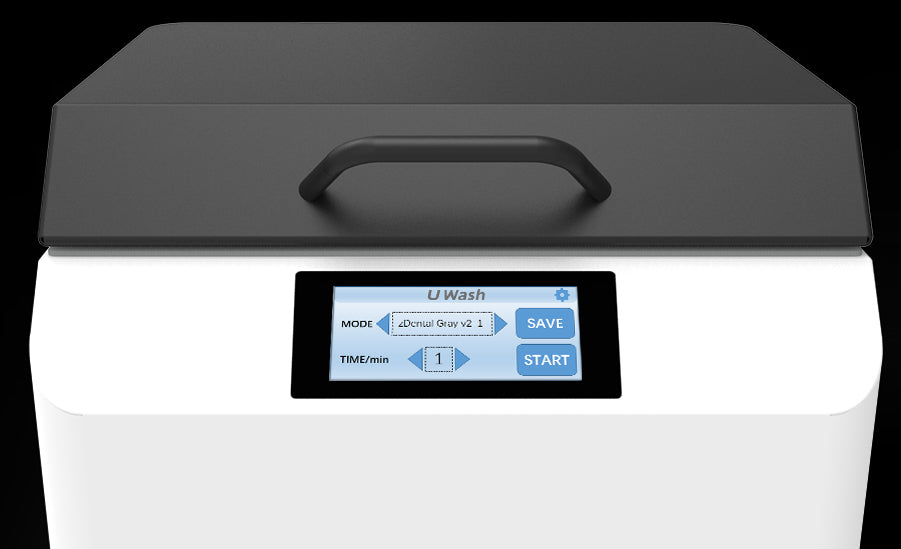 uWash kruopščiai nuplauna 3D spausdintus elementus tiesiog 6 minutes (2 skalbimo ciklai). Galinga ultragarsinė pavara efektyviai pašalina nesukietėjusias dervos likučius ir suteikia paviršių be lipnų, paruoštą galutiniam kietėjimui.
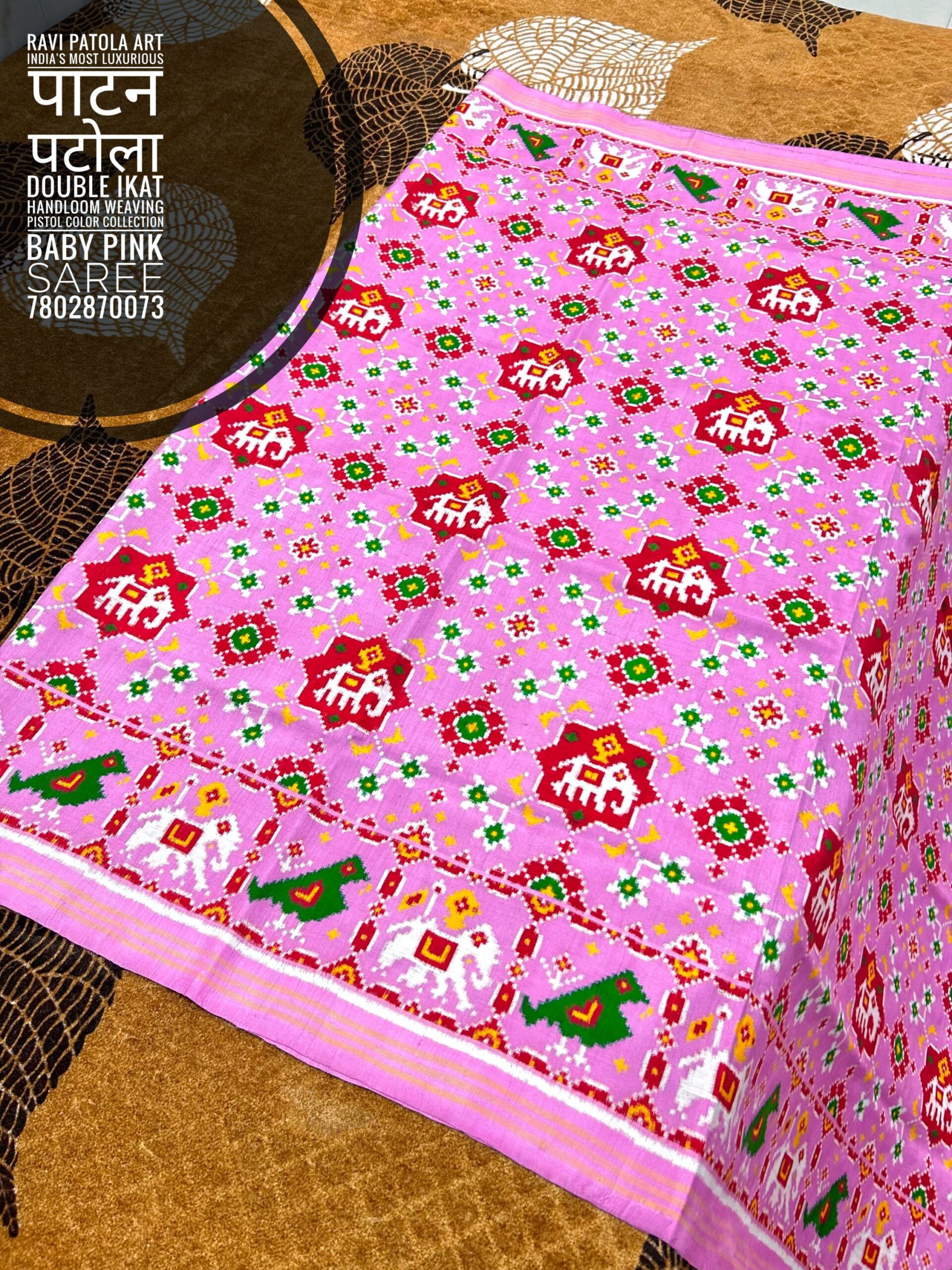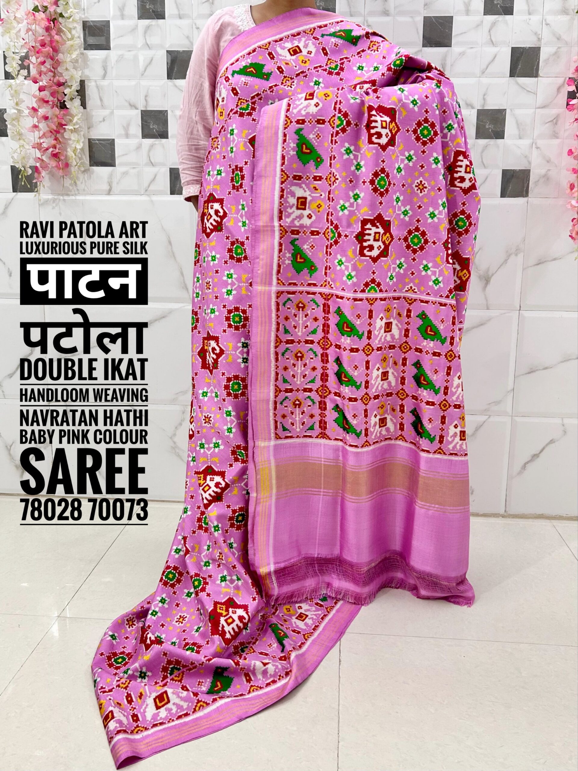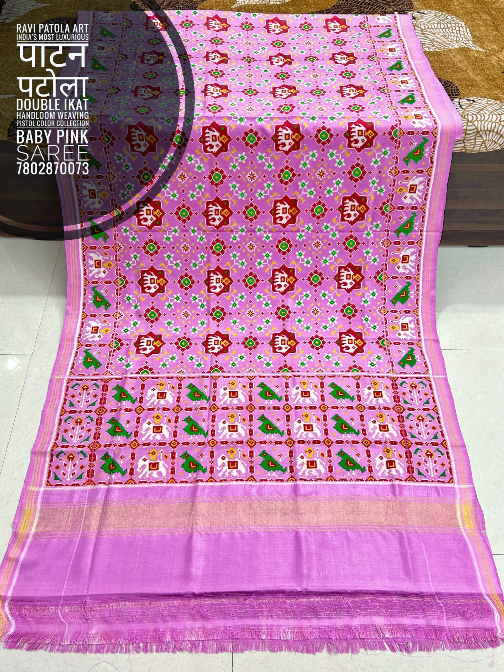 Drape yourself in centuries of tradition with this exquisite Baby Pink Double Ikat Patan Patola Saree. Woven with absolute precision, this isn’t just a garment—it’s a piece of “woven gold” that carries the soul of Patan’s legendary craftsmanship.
==
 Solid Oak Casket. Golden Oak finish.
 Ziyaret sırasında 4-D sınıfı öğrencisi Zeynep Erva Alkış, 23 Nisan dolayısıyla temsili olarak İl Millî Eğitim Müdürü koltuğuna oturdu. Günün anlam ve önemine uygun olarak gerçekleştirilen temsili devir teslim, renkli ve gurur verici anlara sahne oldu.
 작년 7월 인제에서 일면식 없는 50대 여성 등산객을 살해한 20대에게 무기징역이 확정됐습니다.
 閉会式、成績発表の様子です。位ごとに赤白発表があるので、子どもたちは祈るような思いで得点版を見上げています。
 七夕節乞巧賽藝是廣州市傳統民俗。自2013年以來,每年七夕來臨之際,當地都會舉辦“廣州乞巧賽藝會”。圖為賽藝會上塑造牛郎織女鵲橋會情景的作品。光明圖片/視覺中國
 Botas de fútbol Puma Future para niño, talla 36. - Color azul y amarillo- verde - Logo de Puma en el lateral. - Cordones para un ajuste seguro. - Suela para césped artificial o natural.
==
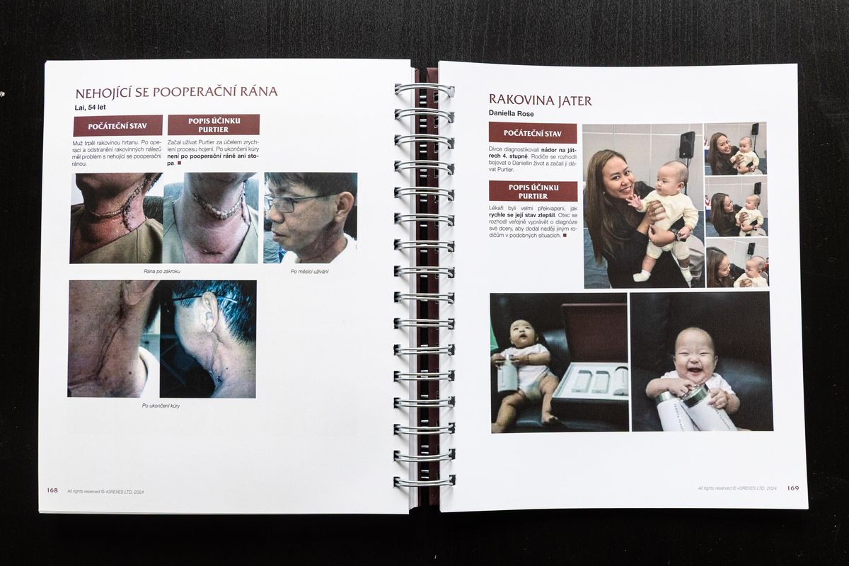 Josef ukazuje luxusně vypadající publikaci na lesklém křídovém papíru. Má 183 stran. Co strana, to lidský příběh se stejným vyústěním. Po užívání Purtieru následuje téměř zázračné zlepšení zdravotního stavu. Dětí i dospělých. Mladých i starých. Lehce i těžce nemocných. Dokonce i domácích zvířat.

* TASK OBJECTIVE *
In the entries above, find the line with "Ziyaret sırasında 4-D" and the line with "七夕節乞巧賽藝是廣州市傳統民", then set down exactly those two and every line between them, nothing else.

* ANSWER FOR THE TASK *
 Ziyaret sırasında 4-D sınıfı öğrencisi Zeynep Erva Alkış, 23 Nisan dolayısıyla temsili olarak İl Millî Eğitim Müdürü koltuğuna oturdu. Günün anlam ve önemine uygun olarak gerçekleştirilen temsili devir teslim, renkli ve gurur verici anlara sahne oldu.
 작년 7월 인제에서 일면식 없는 50대 여성 등산객을 살해한 20대에게 무기징역이 확정됐습니다.
 閉会式、成績発表の様子です。位ごとに赤白発表があるので、子どもたちは祈るような思いで得点版を見上げています。
 七夕節乞巧賽藝是廣州市傳統民俗。自2013年以來,每年七夕來臨之際,當地都會舉辦“廣州乞巧賽藝會”。圖為賽藝會上塑造牛郎織女鵲橋會情景的作品。光明圖片/視覺中國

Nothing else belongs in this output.